### What you should do
Directions for the data below: repeat exactly the lines from the one with "仪器设备是学校教学和科研工作" through the one with "据铱星云商梳理,从数量上看,377家新店", both included, and omit all pictures.

### The records

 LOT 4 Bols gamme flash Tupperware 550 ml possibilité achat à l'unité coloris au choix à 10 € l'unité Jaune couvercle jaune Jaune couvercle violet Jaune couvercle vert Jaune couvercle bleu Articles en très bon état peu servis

* * *

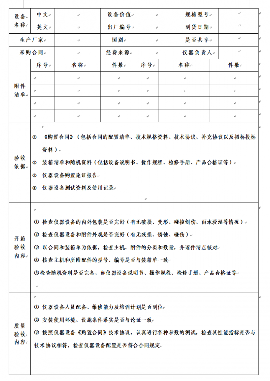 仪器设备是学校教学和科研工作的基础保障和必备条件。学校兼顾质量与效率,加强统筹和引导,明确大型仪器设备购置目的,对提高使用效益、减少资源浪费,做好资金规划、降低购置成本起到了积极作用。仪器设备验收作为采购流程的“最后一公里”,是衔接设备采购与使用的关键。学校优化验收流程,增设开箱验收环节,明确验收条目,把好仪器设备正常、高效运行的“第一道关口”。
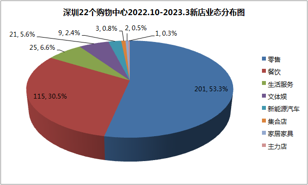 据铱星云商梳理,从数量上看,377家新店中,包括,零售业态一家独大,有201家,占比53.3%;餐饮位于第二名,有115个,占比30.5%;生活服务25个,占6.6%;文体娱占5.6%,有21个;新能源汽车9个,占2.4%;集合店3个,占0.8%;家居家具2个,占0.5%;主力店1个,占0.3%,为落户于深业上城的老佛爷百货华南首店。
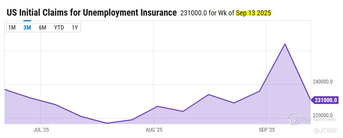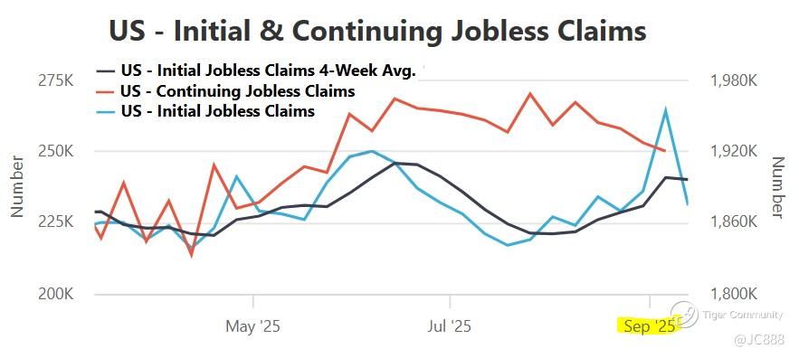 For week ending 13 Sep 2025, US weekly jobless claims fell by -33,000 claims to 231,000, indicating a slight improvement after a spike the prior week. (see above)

### Solution
 仪器设备是学校教学和科研工作的基础保障和必备条件。学校兼顾质量与效率,加强统筹和引导,明确大型仪器设备购置目的,对提高使用效益、减少资源浪费,做好资金规划、降低购置成本起到了积极作用。仪器设备验收作为采购流程的“最后一公里”,是衔接设备采购与使用的关键。学校优化验收流程,增设开箱验收环节,明确验收条目,把好仪器设备正常、高效运行的“第一道关口”。
 据铱星云商梳理,从数量上看,377家新店中,包括,零售业态一家独大,有201家,占比53.3%;餐饮位于第二名,有115个,占比30.5%;生活服务25个,占6.6%;文体娱占5.6%,有21个;新能源汽车9个,占2.4%;集合店3个,占0.8%;家居家具2个,占0.5%;主力店1个,占0.3%,为落户于深业上城的老佛爷百货华南首店。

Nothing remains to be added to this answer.